**Source material**

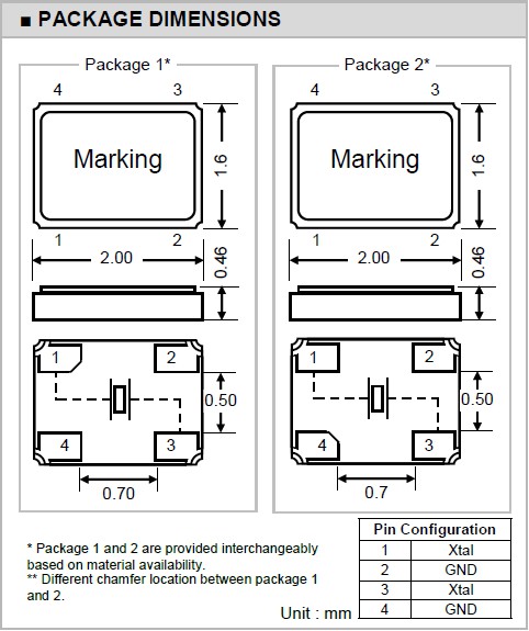 頻率溫度特征 | f_tem | ±50× 10-6 /-30°C~+85°C | 超出標準的規格請聯系我們. |
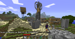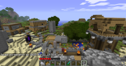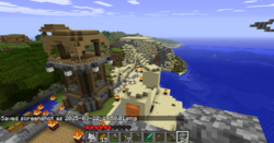 Notable features: Pillager Outpost, large star structure, tavern, several houses, underground city, nether portal, desert temple–themed mall (in progress), parkour course, fiery meatballs used for lighting the town (placed by GREENAPPLE)
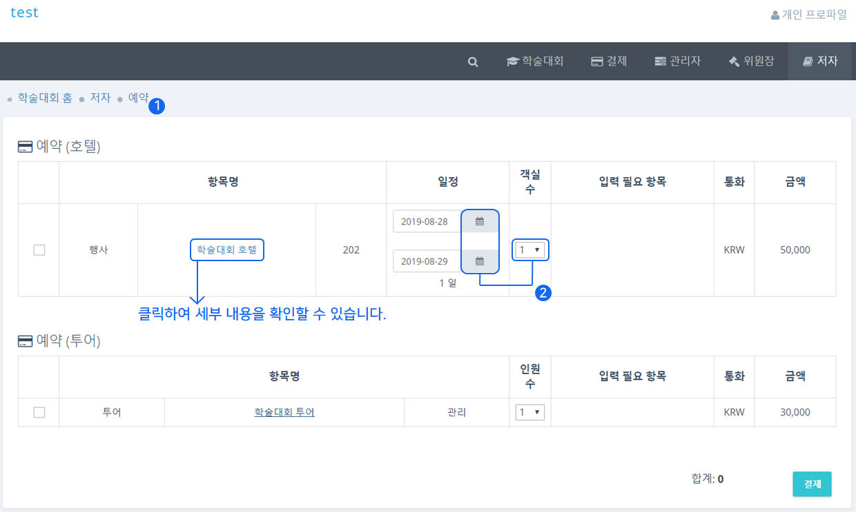 ❶ 예약(Reservation) 메뉴에서는 해당 학술대회의 호텔 및 투어 예약을 선택하여 결제할 수 있습니다.
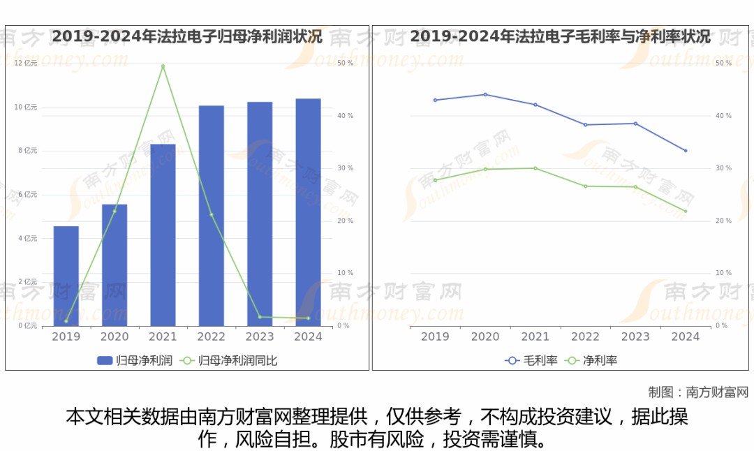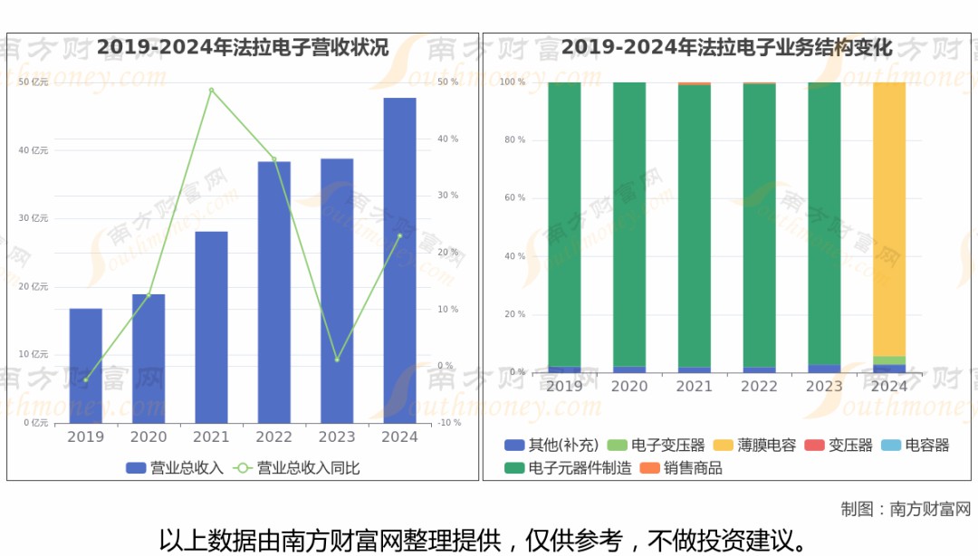 數(shù)據(jù)顯示(如上圖),法拉電子2024年營業(yè)收入為47.72億,同比增長22.99%,近5年復合年增長率26.04%。
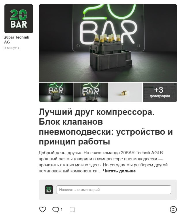 ! Если еще не успели прочитать, бегом туда — DRIVE2! Напомним, в ней мы ответили на вопросы: 1️⃣ Что такое блок клапанов? 2️⃣ Как он устроен внутри? 3️⃣За что отвечает каждый клапан? 4️⃣ Основные неисправности, с которыми сталкиваются автовладельцы? ❤️ 20BAR TECHNIK - Пневма и Точка!
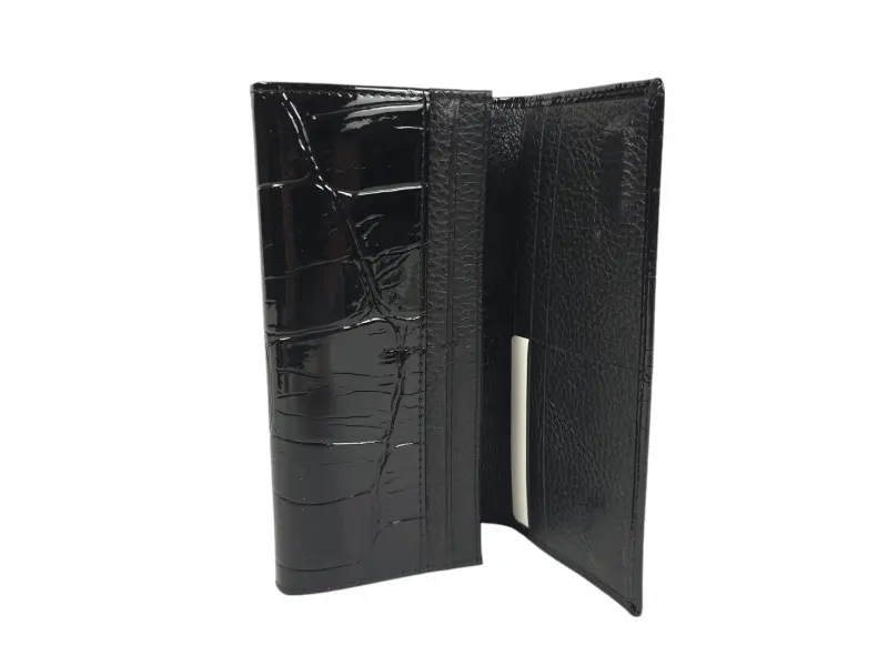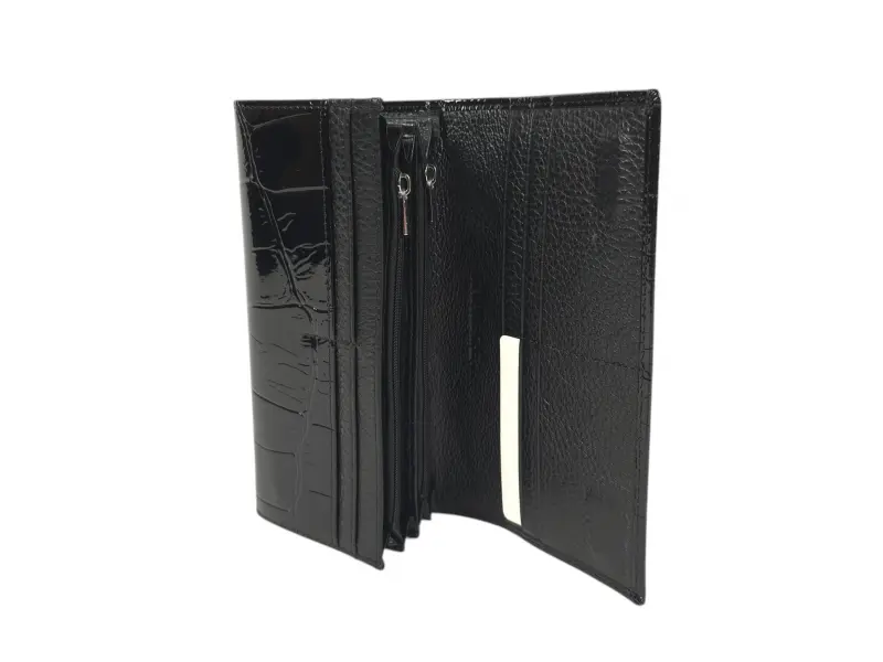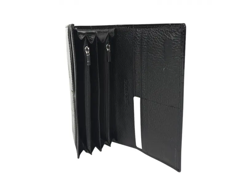 Portofel negru cu închidere magnetică - Poșetă de damă confecționată din piele naturală și piele lăcuită. - Compartimente pentru bancnote. - Compartimente pentru carduri și documente personale. - Compartimente pentru monede cu fermoar. - Buzunar spate cu fermoar.
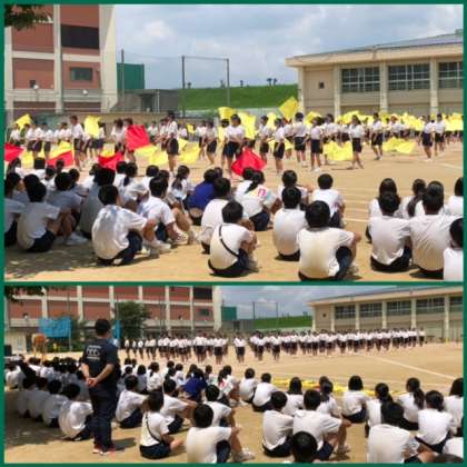 3限の途中から、1,2年生も運動場に出て集団演技を見学しました。3年生の集団行動やフラッグなど圧巻の演技を見て圧倒されているようでした。熱い中、素晴らしい演技を見せてくれた3年生の皆さん、有難うございました。またお疲れさまでした。
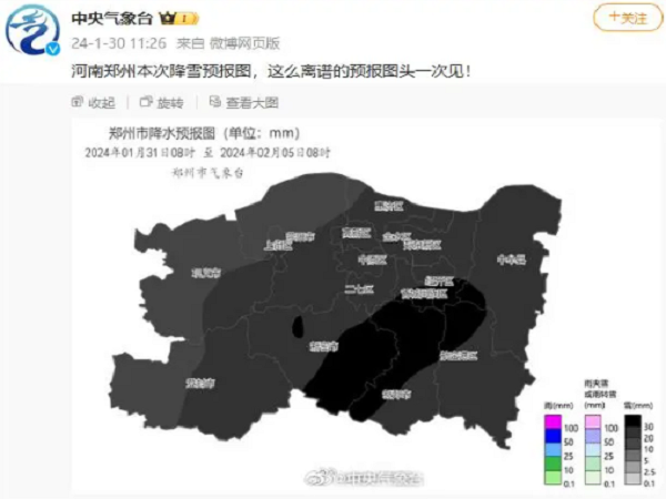 1月30日,@中央氣象臺 發布河南鄭州本次降雪預報圖,稱“這么離譜的預報圖頭一次見”。
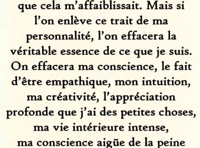 Auparavant, je détestais le fait d’être hypersensible. Je croyais que cela m’affaiblissait. Mais si on enlève ce trait de ma personnalité, on effacera la véritable essence de ce que je suis. On effacera ma conscience, le fait d’être empathique, mon…

**What you need to do**
Work from the entries above. Set down exactly and only the lines from the line with "❶ 예약(Reservation) 메뉴에서는" to the line with "Пневма и Точка!", both included, and leave the pictures out.

**Problem solution**
 ❶ 예약(Reservation) 메뉴에서는 해당 학술대회의 호텔 및 투어 예약을 선택하여 결제할 수 있습니다.
 數(shù)據(jù)顯示(如上圖),法拉電子2024年營業(yè)收入為47.72億,同比增長22.99%,近5年復合年增長率26.04%。
 ! Если еще не успели прочитать, бегом туда — DRIVE2! Напомним, в ней мы ответили на вопросы: 1️⃣ Что такое блок клапанов? 2️⃣ Как он устроен внутри? 3️⃣За что отвечает каждый клапан? 4️⃣ Основные неисправности, с которыми сталкиваются автовладельцы? ❤️ 20BAR TECHNIK - Пневма и Точка!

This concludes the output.